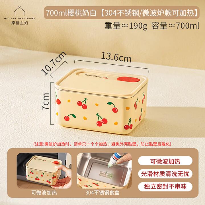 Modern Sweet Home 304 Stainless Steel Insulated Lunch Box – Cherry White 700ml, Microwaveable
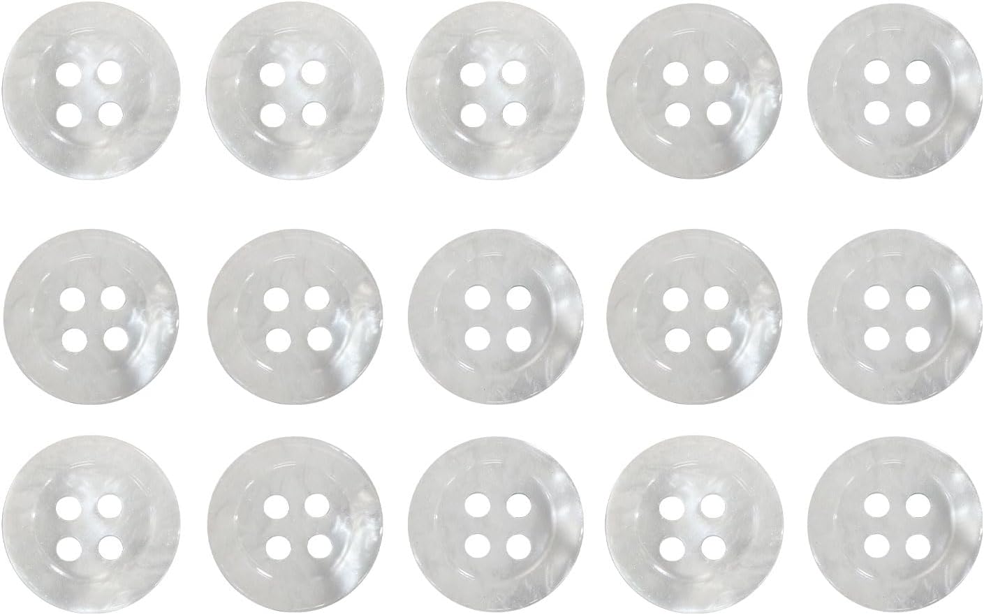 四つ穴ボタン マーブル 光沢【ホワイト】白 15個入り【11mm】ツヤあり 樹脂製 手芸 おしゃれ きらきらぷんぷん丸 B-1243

...

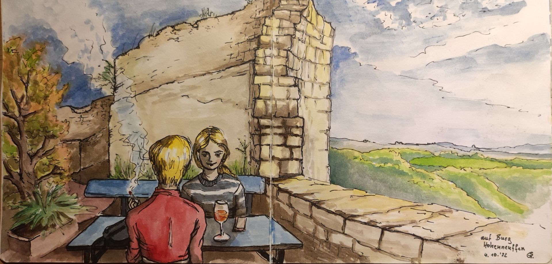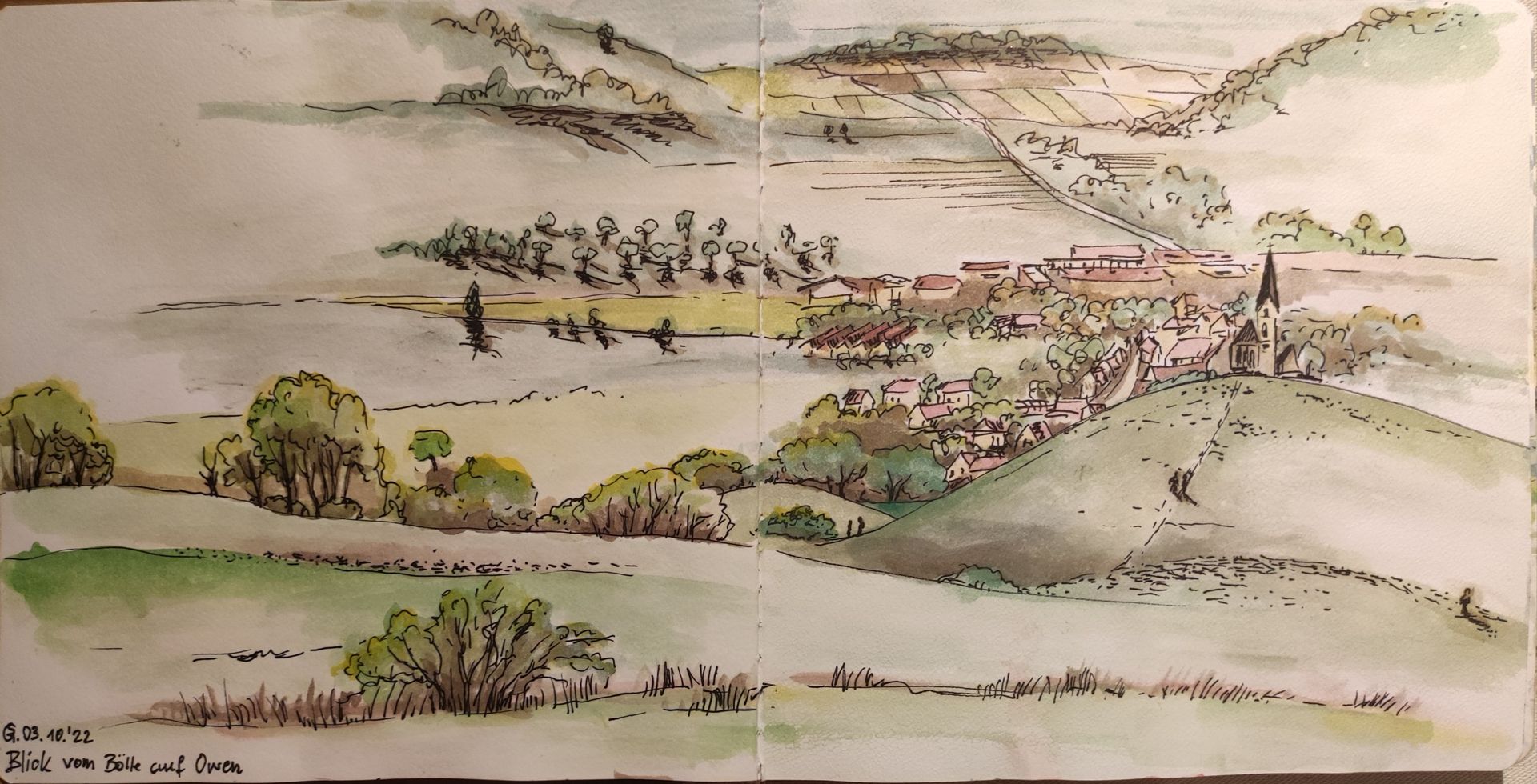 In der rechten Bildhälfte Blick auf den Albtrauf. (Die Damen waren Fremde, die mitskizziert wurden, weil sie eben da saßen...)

==

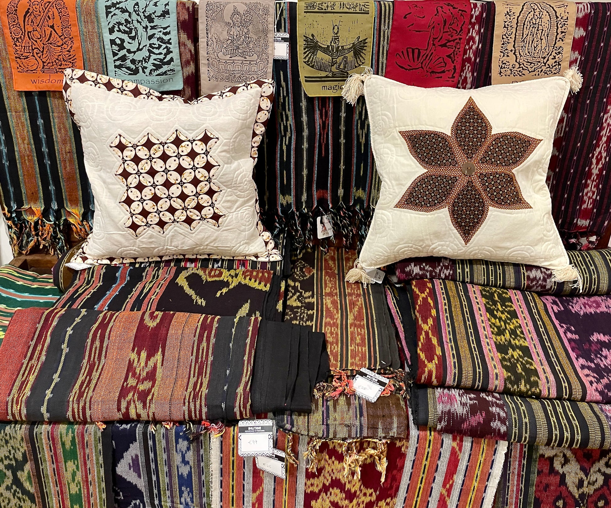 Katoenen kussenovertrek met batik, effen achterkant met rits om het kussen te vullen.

**WHAT YOU NEED TO DO**
Copy out exactly the material that runs from the line with "Modern Sweet Home" to the line with "四つ穴ボタン マーブル 光沢【ホワイト】白", ends included, and leave the pictures behind.

**RESPONSE FOR THIS EXERCISE**
 Modern Sweet Home 304 Stainless Steel Insulated Lunch Box – Cherry White 700ml, Microwaveable
 四つ穴ボタン マーブル 光沢【ホワイト】白 15個入り【11mm】ツヤあり 樹脂製 手芸 おしゃれ きらきらぷんぷん丸 B-1243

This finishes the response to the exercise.